Mesa structure 30 includes two or more steps of mesas. The mesa means a step formed by partially removing one or more semiconductor layers. The mesa is a part of a surface of a semiconductor layer and has at least a side wall inclined or perpendicular to a main surface of the semiconductor layer. In the present exemplary embodiment, the mesa further includes an upper surface connected to an upper end of the side wall and a bottom surface connected to a lower end of the side wall. For example, the upper surface and the bottom surface of the mesa are each a plane parallel to the main surface of the substrate. The upper surface of the mesa is located on a bottom surface of a mesa located one step up. In other words, the bottom surface of the mesa is located on an upper surface of a mesa located one step down. The order of a mesa is represented by a numerical value counted from above. That is, a mesa having a larger ordinal number is closer to substrate 20 than a mesa having a smaller ordinal number.

FIGS. 1 and 2 show an example in which mesa structure 30 includes two steps of mesas 30A and 30B. Mesa 30A is located at a first step, and mesa 30B is located at a second step. Mesa 30A includes side wall 31 and bottom surface 33. Lower end 32 of side wall 31 is located at a position in second nitride semiconductor layer 22. Bottom surface 33 extends from lower end 32 of side wall 31 toward inactive region 11. Side wall 31 and bottom surface 33 are each a part of a surface of second nitride semiconductor layer 22. Bottom surface 33 is located on an upper surface of mesa 30B. Mesa 30B includes side wall 34. Lower end 35 of side wall 34 reaches first nitride semiconductor layer 21. That is, interface end 36 appears on side wall 34, interface end 36 being an end of an interface between first nitride semiconductor layer 21 and second nitride semiconductor layer 22.

Although upper surface 37 of mesa 30A at the first step is a part of an uppermost surface of second nitride semiconductor layer 22, for example, upper surface 37 is not limited thereto. The example illustrated in FIG. 1 shows source electrode 23 provided in contact with the uppermost surface of second nitride semiconductor layer 22. Thus, a lower surface of source electrode 23 and upper surface 37 of mesa 30A at the first step are located at the same height. The “height” herein is a distance from a main surface of substrate 20 unless otherwise specified.

As illustrated in FIG. 2, mesa depth Dm1 of mesa 30A at the first step is half or more of film thickness T of second nitride semiconductor layer 22. The mesa depth is represented by a distance between the upper surface and the lower surface of the mesa in the thickness direction of the semiconductor layer. Mesa depth Dm1 is half or more of film thickness T, so that remnant film thickness (T−Dm1) of second nitride semiconductor layer 22 is reduced, the remnant being acquired after mesa 30A at the first step is formed. The remnant of second nitride semiconductor layer 22 is a part of second nitride semiconductor layer 22, the part having an upper surface located on bottom surface 33 of mesa 30A.

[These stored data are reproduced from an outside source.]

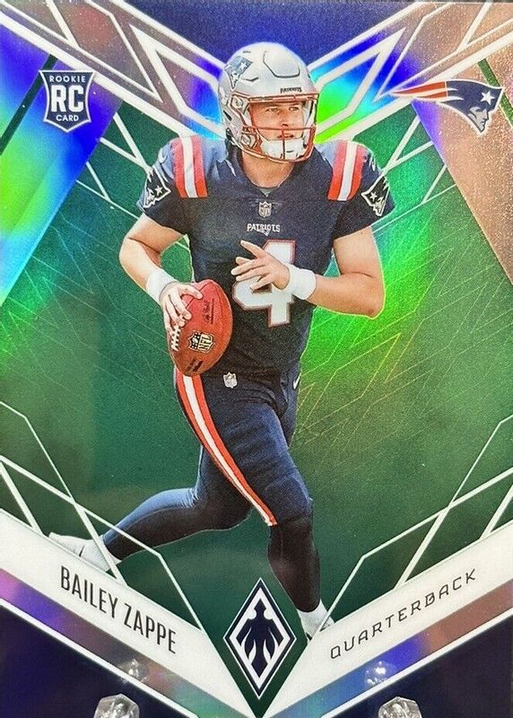 This card is 1 of 27 Bailey Zappe's card variations in the 2022 Phoenix set being tracked by Sports Card Investor, including Base, Color Burst, Onyx (/5), Red Mojo (/10), and Silver.
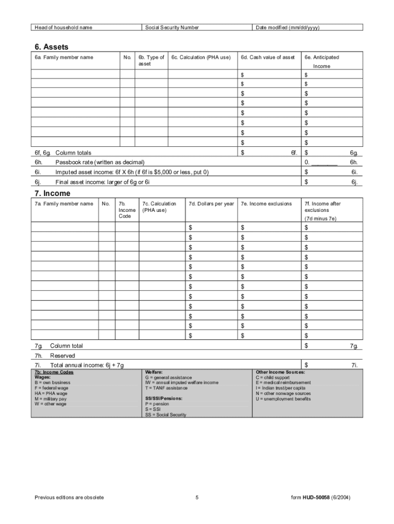 Head of household nameSocial Security NumberDate modified (mm/dd/yyyy)6. Assets No.6a. Family member name6b. Type of asset6c. Calculation (PHA use)6d. Cash value of asset6e. Anticipated Income6f,
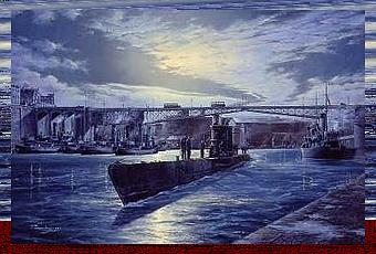 Bucólica imagen de un U-Boot haciéndose a la mar al caer la noche.
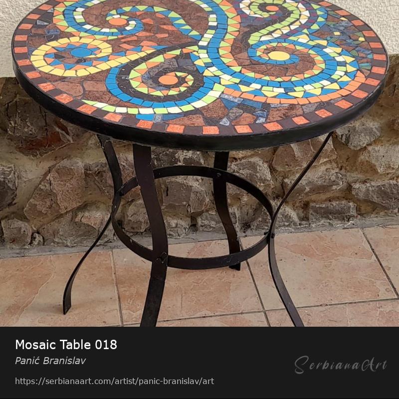 This mosaic table was made from ceramic tiles, glued with cement; frame and legs are from metal.

Electric field concentration is relaxed in termination region 12 because mesa structure 30 having two or more steps is provided. Specifically, an electric field is dispersed into lower end 32 of side wall 31 of mesa 30A at the first step and lower end 35 of side wall 34 of mesa 30B at the second step. At this time, a larger electric field is likely to be applied to lower end 32 of mesa 30A at the first step than lower end 35 of mesa 30B at the second step for shallow mesa depth Dm1, and a larger electric field is likely to be applied to lower end 35 of mesa 30B at the second step than lower end 32 of mesa 30A at the first step for deep mesa depth Dm1. As described above, positions where electric fields are likely to be concentrated are switched depending on a value of mesa depth Dm1. Thus, when mesa depth Dm1 is set to a depth half or more of film thickness T, a difference between an electric field applied to lower end 32 of mesa 30A at the first step and an electric field applied to lower end 35 of mesa 30B at the second step can be reduced. Consequently, the electric field in termination region 12 can be effectively dispersed into lower ends 32 and 35, so that the withstand voltage of nitride semiconductor device 1 can be increased.

Although mesa depth Dm2 of mesa 30B at the second step is equal to mesa depth Dm1 of mesa 30A at the first step in the present exemplary embodiment, the depths are not limited thereto. Mesa depth Dm2 of mesa 30B at the second step may be more than mesa depth Dm1 of mesa 30A at the first step.

In the present exemplary embodiment, bottom surface 33 of mesa 30A at the first step has length L less than or equal to 10 μm. Consequently, termination region 12 can be reduced in area, so that downsizing of nitride semiconductor device 1 or increase in area of active region 10 can be achieved.

As length L of bottom surface 33 is shortened, termination region 12 can be more reduced in area. Thus, length L may be less than or equal to 5 μm, less than or equal to 3 μm, or less than or equal to 2 μm, for example. Bottom surface 33 may have length L more than or equal to 1 μm, for example.

Second Exemplary Embodiment

Subsequently, a second exemplary embodiment will be described.

The second exemplary embodiment is mainly different from the first exemplary embodiment in that a mesa at the first step has a deeper depth. Hereinafter, differences from the first exemplary embodiment will be mainly described, and description of common points will not be described or will be simplified.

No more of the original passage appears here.